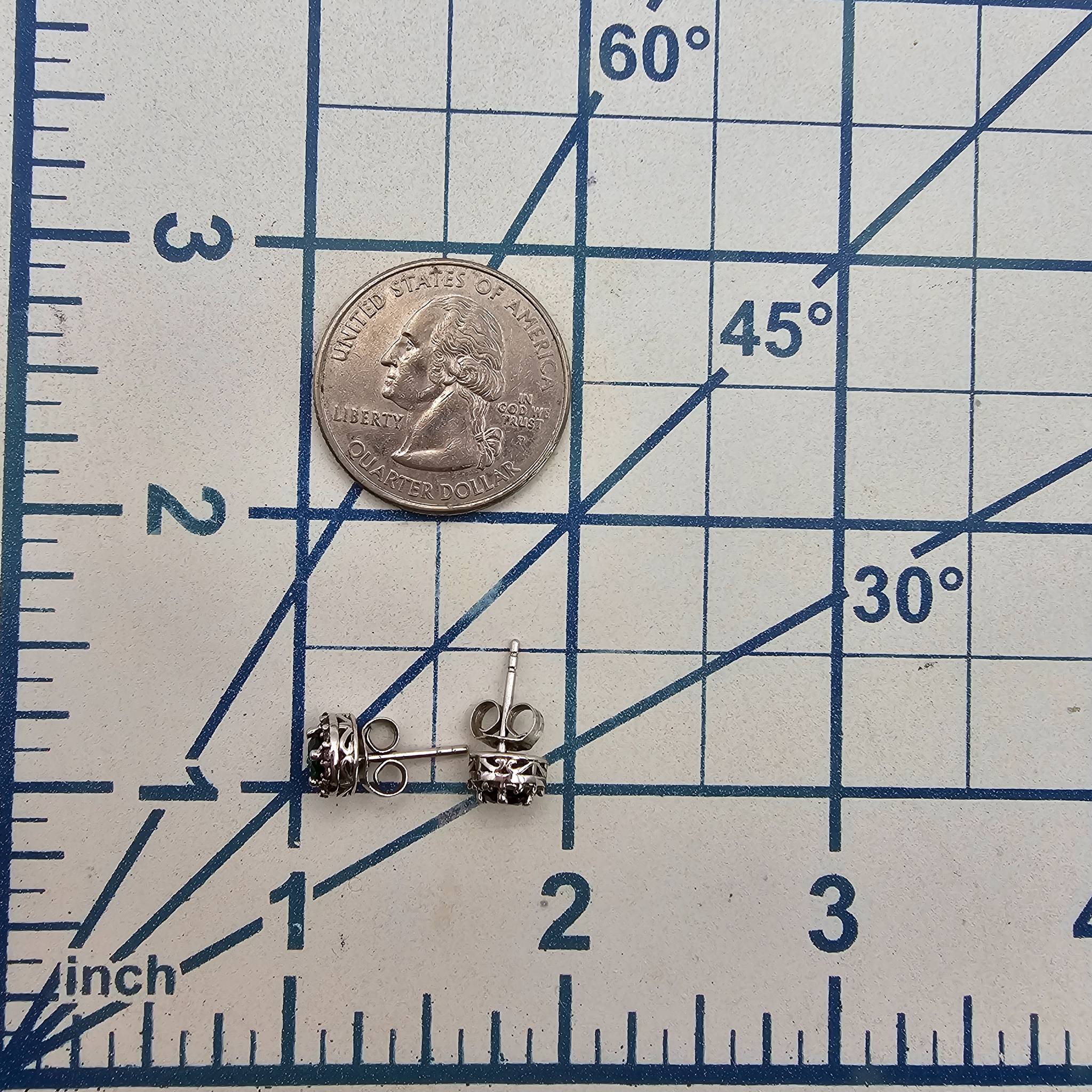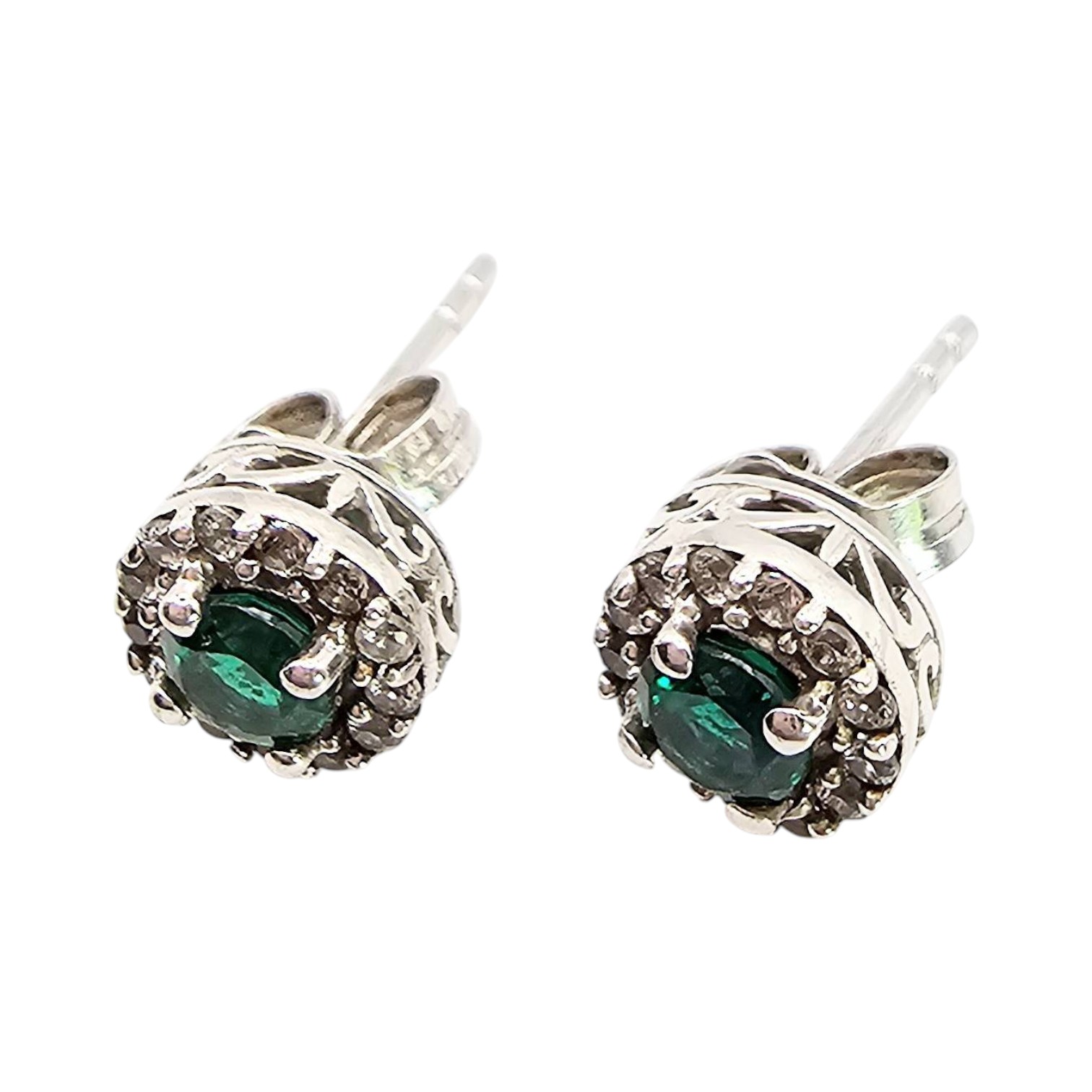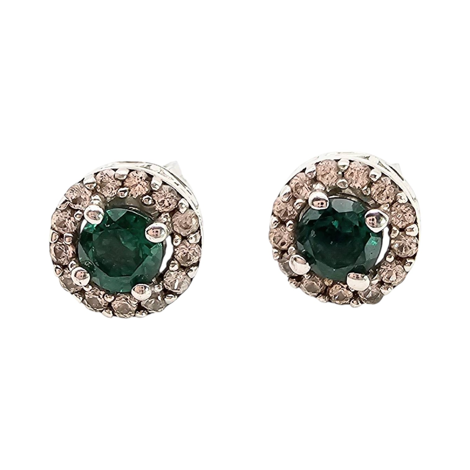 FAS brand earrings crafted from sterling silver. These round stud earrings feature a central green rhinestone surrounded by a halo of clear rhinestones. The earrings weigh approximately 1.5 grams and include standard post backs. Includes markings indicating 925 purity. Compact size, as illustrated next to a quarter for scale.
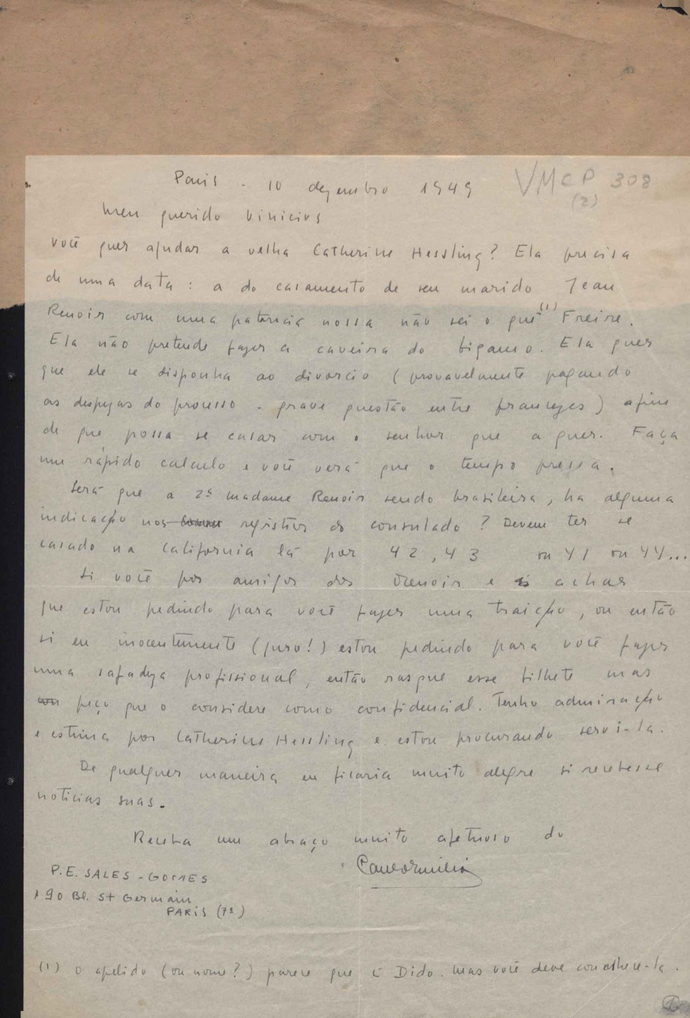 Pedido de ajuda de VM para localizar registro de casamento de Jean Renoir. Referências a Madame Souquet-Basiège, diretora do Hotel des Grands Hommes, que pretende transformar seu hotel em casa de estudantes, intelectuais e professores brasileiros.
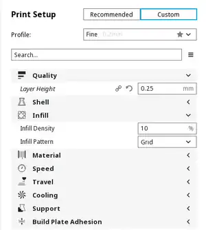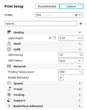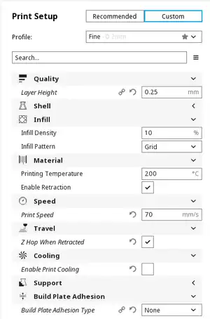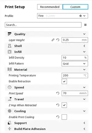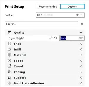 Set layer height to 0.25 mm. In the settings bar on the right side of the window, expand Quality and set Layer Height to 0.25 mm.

************

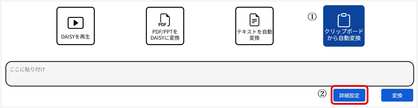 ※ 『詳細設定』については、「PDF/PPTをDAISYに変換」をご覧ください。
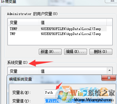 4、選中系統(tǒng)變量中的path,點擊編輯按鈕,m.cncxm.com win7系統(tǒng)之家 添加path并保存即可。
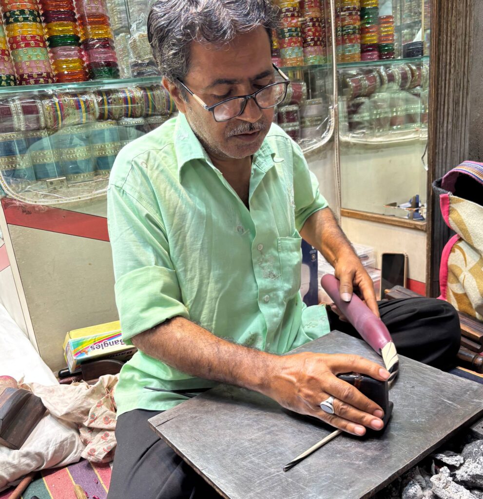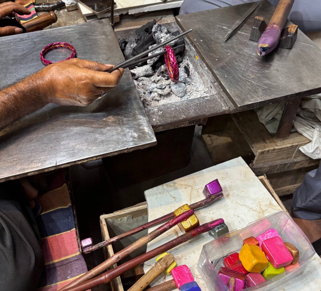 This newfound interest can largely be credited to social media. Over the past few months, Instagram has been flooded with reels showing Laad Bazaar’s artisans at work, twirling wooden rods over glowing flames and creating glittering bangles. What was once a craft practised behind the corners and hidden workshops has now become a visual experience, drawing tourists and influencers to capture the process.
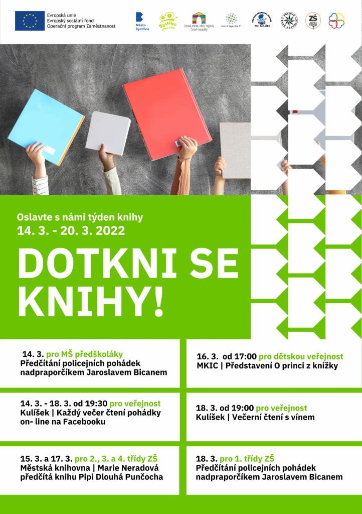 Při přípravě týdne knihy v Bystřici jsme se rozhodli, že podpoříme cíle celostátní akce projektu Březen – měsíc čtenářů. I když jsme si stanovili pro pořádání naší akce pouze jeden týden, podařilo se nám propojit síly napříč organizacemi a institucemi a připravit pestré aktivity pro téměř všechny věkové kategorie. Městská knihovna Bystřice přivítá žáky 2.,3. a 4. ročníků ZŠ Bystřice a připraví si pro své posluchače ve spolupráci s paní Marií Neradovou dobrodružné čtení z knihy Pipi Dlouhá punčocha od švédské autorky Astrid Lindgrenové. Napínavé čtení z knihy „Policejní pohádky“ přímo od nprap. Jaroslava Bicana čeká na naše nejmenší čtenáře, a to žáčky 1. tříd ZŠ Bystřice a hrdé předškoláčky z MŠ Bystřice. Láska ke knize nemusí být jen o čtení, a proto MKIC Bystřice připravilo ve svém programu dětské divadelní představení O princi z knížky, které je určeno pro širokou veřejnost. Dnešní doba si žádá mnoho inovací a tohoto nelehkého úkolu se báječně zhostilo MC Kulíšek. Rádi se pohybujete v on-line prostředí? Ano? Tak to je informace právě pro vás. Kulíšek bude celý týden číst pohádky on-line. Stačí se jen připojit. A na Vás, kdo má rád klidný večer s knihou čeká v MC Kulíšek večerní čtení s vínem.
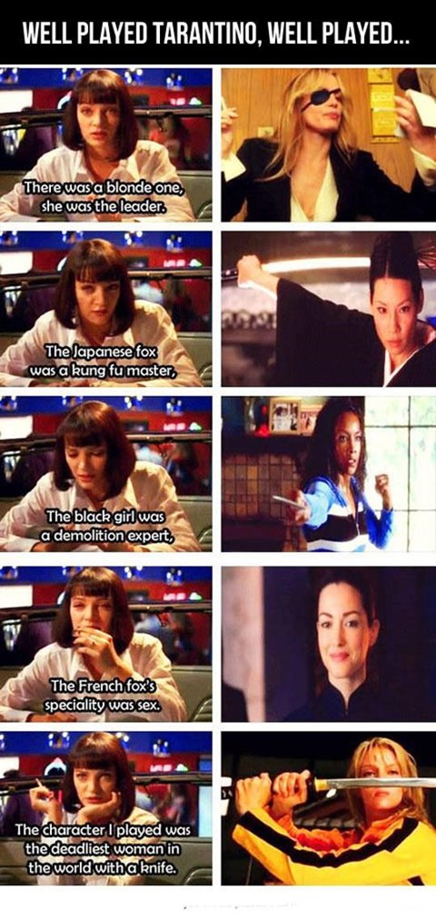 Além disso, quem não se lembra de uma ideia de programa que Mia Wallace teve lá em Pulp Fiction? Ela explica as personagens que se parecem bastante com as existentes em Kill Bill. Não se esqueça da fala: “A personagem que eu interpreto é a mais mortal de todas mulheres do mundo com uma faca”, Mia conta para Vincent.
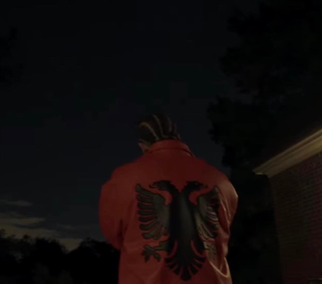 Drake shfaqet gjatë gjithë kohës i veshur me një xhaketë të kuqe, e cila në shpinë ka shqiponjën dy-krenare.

************

HOW TO COMPLETE THIS TASK:
Out of the records above, set down only the lines from the one that contains "Além disso, quem" through the one that contains "Drake shfaqet gjatë", unchanged and without the pictures.

REPLY TO THE TASK:
 Além disso, quem não se lembra de uma ideia de programa que Mia Wallace teve lá em Pulp Fiction? Ela explica as personagens que se parecem bastante com as existentes em Kill Bill. Não se esqueça da fala: “A personagem que eu interpreto é a mais mortal de todas mulheres do mundo com uma faca”, Mia conta para Vincent.
 Drake shfaqet gjatë gjithë kohës i veshur me një xhaketë të kuqe, e cila në shpinë ka shqiponjën dy-krenare.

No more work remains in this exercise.